I examined the way she phrased that and I wasn't totally reassured. "Okay. Now I just have one question: What costume should I wear?"
She giggled against my shoulder. "Now now, that's against the rules. I'm sure you'll think of something, but just wait until you see mine!"
"Will it cover up this?" I asked cupping her buttock with a free hand.
She giggled again, and moved my other hand to her breast. "It'll cover this too, but if you're really good you'll be able to figure out who I am without seeing anything irrelevant like these."
"I'm not sure I'm that good." I said as I slipped my opposite hand down her ass and between her legs. "Maybe I'll need to do a thorough inspection to be sure I have the right pussy."
"You do that," she said quietly, "and I think you had better practice a little right now so you don't make any mistakes."
I've had plenty of practice, but what the hell. Practice makes perfect.
****
Over the next couple of weeks I tried to worm more information out of her, but she flatly refused to budge on any details. She wouldn't give me any idea of what costume she would wear, or what I should wear. I had set an arbitrary deadline as to when I needed to have my costume figured out and that date was getting nervously closer by the day.
Finally, and at almost the last minute, I was clobbered by inspiration. A university friend of mine had collected a number of classical greek theater masks, one of which was Oedipus. Although the argument could be made that Oedipus was more a tragic figure than a scary one, I thought that any man who had gouged out his own eyes could be frightening enough with a little imagination. I found a reasonable facsimile of a greek toga at the university costume shop to compliment the mask. It would have to do.

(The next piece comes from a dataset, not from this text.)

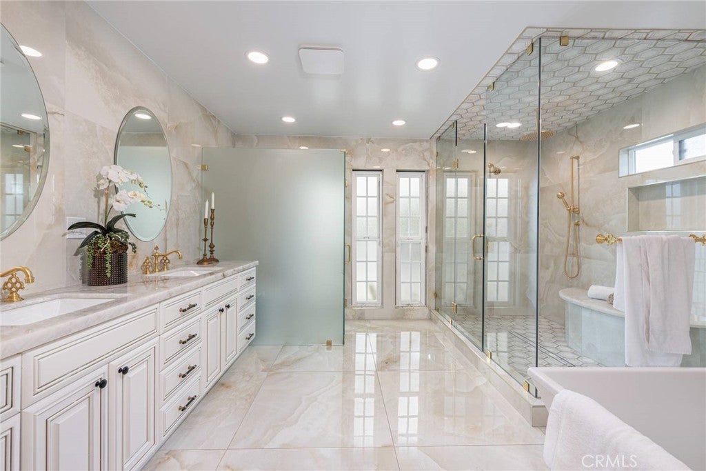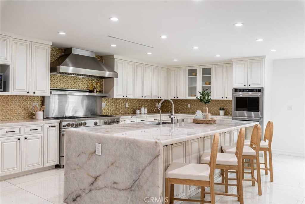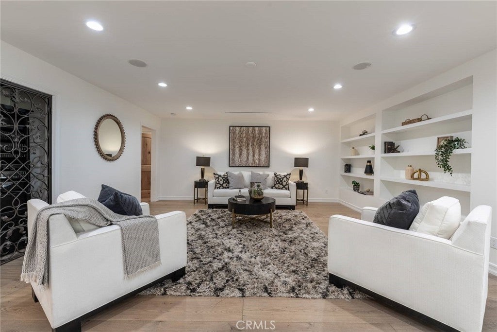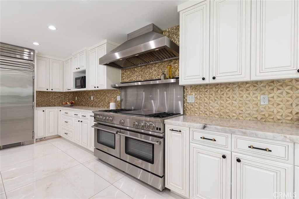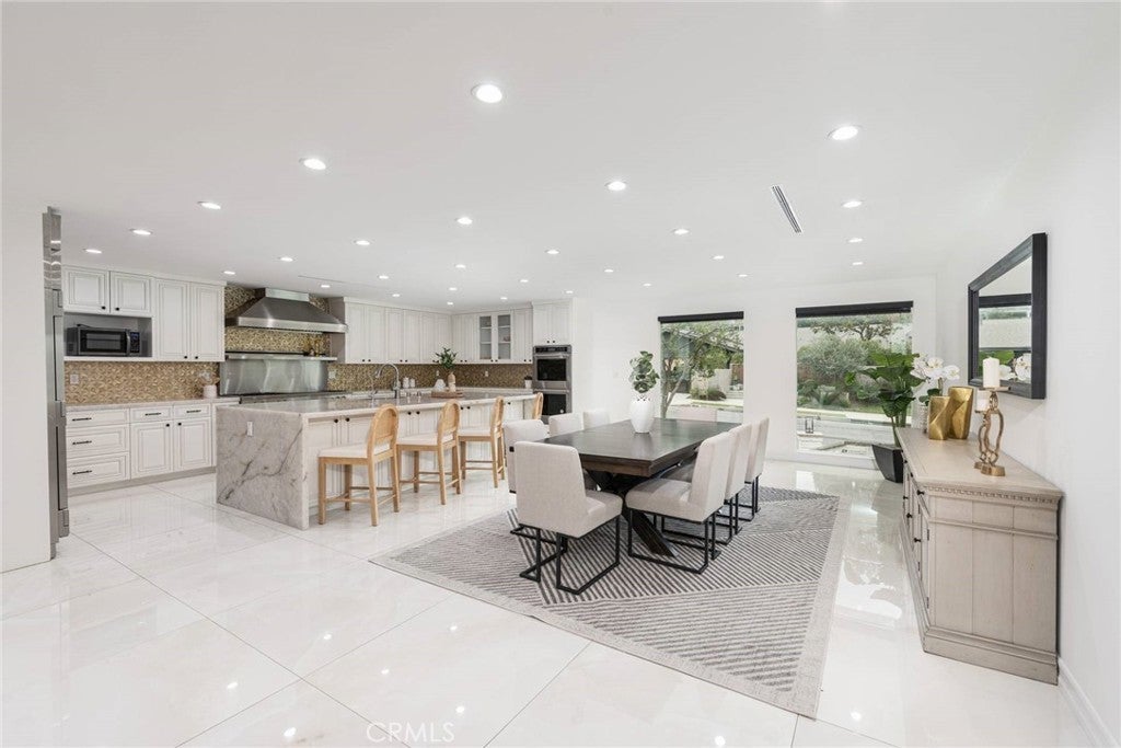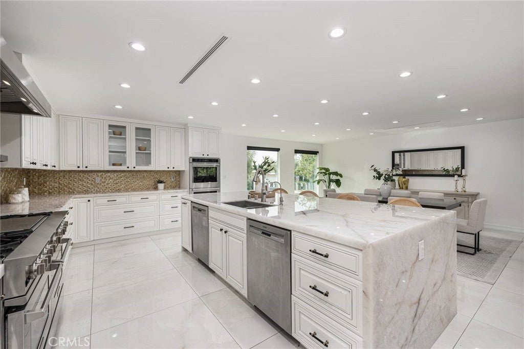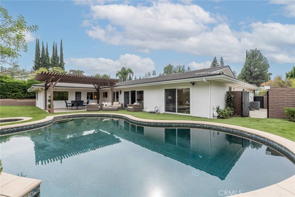 Experience the ultimate in refined privacy and exceptional value at this brilliantly reimagined single-level estate in Encino Hills’ exclusive Lake Encino enclave. Secluded on an expansive corner parcel spanning over one-third acre, this architectural gem seamlessly blends timeless sophistication with contemporary luxury, offering discerning buyers an extraordinary turnkey lifestyle. Originally crafted in 1964 and completely transformed with no detail overlooked, this 5-bedroom, 4.5-bath residence spans 4,338 square feet of thoughtfully curated living space. Wide-plank hardwood floors, expansive walls of glass, and an adaptable open floor plan bathe the interiors in natural light and invite effortless indoor-outdoor living…perfectly attuned to modern demands for versatility and privacy. Culinary enthusiasts will revel in the state-of-the-art gourmet kitchen, appointed with a dramatic quartzite waterfall island, Blue Star professional range, dual KitchenAid ovens, double Bosch dishwashers, a True Refrigerator with wine storage, integrated wine fridge, artisan tile work, and stunning marble flooring. The elegant atmosphere flows through the open-concept living and dining areas, highlighted by a sophisticated wet bar mirroring the kitchen’s bespoke finishes…an entertainer’s dream. Retreat to the sumptuous primary suite, where dual walk-in closets, a flexible bonus room (ideal for nursery, gym, or home office), and a spa-caliber bath with high-design fixtures, custom cabinetry, and indulgent soaking tub create a private sanctuary. Four spacious secondary bedrooms, a custom laundry center, butler’s pantry, and a meticulously finished garage further elevate the home’s everyday comfort and convenience. Resort-style oasis…a free-form heated Pebble Tech pool with separate spa, professional-grade BBQ, refrigerator, pergola covered patio, and meticulously landscaped, low-maintenance grounds set the stage for elegant alfresco dining and year-round relaxation, all in seclusion bestowed by mature landscaping and the property’s privileged placement. Leading-edge home systems…fully owned solar energy (including solar pool heating), dual Navien tankless water heaters, 200-amp electrical service, built-in speakers, and a comprehensive alarm system ensures security, efficiency, and sustainability. Situated on one of Lake Encino’s most coveted streets, this rare offering effortlessly blends energy independence, magazine-worthy entertaining spaces, and the ultimate in privacy.

The day of the party Faye gave me a little card with the address to the party on the back. "Just go here and knock on the front door. Give them this card and someone will let you in and get you started. I'm going to go over to a friends house and get ready. She'll drive me over and I'll meet you there." She grinned at me, and her nipples stuck out happy and hard. "That is, if you can figure out who I am."
"So that's it. No help at all for poor old me."
"I gave you the address," she replied. "That's all you're going to get." I gave her my best lost puppy-dog look. She rolled her eyes at me, and finally said, "Okay, THIS is all you're going to get. If you come up to me and strike up a conversation, I'll answer any question you ask completely truthfully, unless you ask my name or anything else about my identity. Fair enough?"
"Fair enough. Although, if you come up to me and do the same thing, I reserve the right to lie through my teeth." I was feeling a little bit persnickety.
"By which I will know you in an instant," she laughed. "Have fun, and I'll see you there.
And she was gone.
In all honesty I was getting into the spirit of the thing, though I was still apprehensive. I got out the toga and put it on, admiring the fact that it fit perfectly and even seemed flattering on me. It was long, and nearly swept the floor even on my frame. It had come with a fairly complicated pair of lace up sandals that fit me tolerably well, but it had no undergarments.